How to Change Things When Change is Hard

Change is inevitably hard. Throughout my career it is change and persuading others to adopt change that takes the most time, whether it is changing culture, processes, or technology. Everyone falls into habits and changes those habits requires energy, and motivation. Switch by the Heath brothers builds a framework to help guide change management whether it be in an organization or your personal life.

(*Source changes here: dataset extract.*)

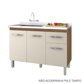 Características: Estrutura em MDP Acabamento em pintura UV 03 Portas com Dobradiças Metálicas 01 Gaveta com Corrediças Metálicas Puxadores em Plástico Cromados Altura dos Pés 16 cm Pés com Regulagem Prateleiras e Amplo Espaço Interno NÃO ACOMPANHA PIA E TAMPO

Switch tells us that we are guided by two distinct ‘characters’: the rider, and the elephant. The rider is a rational being, the one that tells us we should diet or workout more. The problem is the rider gets exhausted, it is hard to constantly stick to change, to reroute our brains. The elephant is more laid back and needs to see that change is easy, its easier to motivate. To switch habits you must:

  • Direct the Rider
    • Bright Spots – find what is working rather than what is not. I.E find out who is not getting sick and find out what they are doing differently
    • Critical Moves – rather than building a large strategy, focus on one or two small steps that if adopted would change behavior.
    • Point to the Destination – show the end result, easy to rally when everyone knows where they are going.
  • Motivate the Elephant
    • Find the Feeling – emotion trumps rationale each time, if those you are influencing can see it then they can address it.
    • Shrink the Change – break down a larger problem into smaller one. Start cleaning for 5 minutes, then see if you stop.
    • Grow your People – grow an identity, this is where culture plays a large part.
  • Shape the Path
    • Tweak the Environment – behavior changes when the situation changes.
    • Build Habits – self explanatory.
    • Rally the Herd – behavior is contagious, get your people to see you and your change.

Self-help books are hard to get through sometimes, but the Heath brothers use statistics and psychology research to show their framework works. I doubt that one read will change how I do things, but using the recommended reading list will hopefully build a stable foundation to build on.